Right now, the Trump administration wants to slap a 20% tariff on Canadian lumber.
The media claim that this is bad for Canadians because we’ll be the ones paying for it. However, if you understand the regressive nature of tariffs and protectionism, it is usually the importing nation that suffers the most from this initiative.
Here is an excerpt:
If Canadian companies could sell the Americans a cheaper product then what’s the big deal?
One of the fallacies behind this move – and, in a broader sense, protectionism – is that exporters are impacted the most by tariffs. This is incorrect. The president’s 20% lumber tax will not be paid for by the Canadian lumber industry, but rather by American lumber-buying companies and homebuyers.
A high-cost domestic industry would welcome a tariff because it protects it from low-cost foreign competition. This is a trade policy that makes a country poorer by raising prices, destroying jobs and increasing taxes for Americans, all in the name of protecting domestic producers.

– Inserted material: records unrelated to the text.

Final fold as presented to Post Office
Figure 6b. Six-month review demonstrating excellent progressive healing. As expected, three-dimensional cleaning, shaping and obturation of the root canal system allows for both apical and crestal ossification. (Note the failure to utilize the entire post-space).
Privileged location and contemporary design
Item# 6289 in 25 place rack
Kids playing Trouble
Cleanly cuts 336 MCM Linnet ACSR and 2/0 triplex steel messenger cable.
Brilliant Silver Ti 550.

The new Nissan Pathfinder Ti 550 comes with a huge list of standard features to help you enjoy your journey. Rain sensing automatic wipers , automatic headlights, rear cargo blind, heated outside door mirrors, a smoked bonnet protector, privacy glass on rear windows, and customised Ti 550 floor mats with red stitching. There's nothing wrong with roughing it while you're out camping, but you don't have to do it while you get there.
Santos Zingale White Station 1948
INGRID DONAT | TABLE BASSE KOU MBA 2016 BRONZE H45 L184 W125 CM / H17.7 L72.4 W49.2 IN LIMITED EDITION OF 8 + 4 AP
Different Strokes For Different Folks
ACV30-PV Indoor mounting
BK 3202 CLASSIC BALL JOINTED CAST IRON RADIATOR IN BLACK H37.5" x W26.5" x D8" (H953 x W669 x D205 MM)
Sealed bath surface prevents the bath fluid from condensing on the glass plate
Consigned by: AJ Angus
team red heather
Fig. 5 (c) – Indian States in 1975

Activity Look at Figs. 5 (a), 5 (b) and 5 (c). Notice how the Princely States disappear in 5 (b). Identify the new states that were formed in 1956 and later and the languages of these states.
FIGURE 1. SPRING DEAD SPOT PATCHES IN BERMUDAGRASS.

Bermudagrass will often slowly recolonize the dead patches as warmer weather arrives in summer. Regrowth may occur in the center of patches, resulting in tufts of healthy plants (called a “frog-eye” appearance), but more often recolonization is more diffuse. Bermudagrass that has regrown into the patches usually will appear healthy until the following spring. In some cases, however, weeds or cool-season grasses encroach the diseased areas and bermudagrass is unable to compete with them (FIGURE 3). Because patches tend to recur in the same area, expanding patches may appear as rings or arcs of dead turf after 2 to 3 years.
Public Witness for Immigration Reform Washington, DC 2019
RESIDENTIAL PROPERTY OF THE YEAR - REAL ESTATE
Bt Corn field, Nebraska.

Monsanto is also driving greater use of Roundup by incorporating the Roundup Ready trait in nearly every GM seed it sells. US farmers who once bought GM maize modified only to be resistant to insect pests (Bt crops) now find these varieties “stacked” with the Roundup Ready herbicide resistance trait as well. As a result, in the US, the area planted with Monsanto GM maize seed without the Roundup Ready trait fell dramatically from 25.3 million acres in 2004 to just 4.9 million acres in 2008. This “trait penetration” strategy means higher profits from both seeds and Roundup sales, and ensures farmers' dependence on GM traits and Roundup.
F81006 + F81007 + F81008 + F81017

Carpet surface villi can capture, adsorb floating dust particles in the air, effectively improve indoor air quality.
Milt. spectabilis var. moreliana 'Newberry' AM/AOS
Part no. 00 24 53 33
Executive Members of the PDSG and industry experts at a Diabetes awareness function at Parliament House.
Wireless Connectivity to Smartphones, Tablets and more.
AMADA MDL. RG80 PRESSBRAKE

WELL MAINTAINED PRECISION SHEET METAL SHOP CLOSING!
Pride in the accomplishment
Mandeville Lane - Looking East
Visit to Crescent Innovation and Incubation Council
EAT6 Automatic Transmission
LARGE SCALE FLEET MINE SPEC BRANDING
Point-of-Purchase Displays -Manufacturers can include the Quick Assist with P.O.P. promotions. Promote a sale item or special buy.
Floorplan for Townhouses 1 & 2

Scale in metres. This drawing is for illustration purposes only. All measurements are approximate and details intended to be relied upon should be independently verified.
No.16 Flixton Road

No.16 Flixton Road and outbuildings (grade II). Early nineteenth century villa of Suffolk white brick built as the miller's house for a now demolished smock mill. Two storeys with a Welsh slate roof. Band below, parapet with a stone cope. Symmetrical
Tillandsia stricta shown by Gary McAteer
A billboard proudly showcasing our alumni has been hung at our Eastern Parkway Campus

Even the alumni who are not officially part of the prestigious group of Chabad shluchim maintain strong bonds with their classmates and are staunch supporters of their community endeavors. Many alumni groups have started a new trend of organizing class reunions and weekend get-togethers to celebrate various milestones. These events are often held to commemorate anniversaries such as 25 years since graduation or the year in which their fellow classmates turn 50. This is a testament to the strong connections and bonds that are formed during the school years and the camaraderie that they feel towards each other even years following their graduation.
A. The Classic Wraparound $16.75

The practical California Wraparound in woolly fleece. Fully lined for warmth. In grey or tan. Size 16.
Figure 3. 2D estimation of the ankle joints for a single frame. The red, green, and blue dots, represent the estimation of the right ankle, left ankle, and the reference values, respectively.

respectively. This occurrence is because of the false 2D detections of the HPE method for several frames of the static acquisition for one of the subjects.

The administration may believe that it is creating, protecting or saving jobs in the lumber industry. However, the president’s import tax will have a greater effect in other US industries, particularly in construction, where there are thirty-two construction workers employed in homebuilding for every one worker in logging, lumber and wood production combined, according to the American Enterprise Institute (AEI). The tariff would increase housing prices, slow homebuilding and lay off thousands of construction workers.
Simply put: Trump placed a 20% tariff on the American people.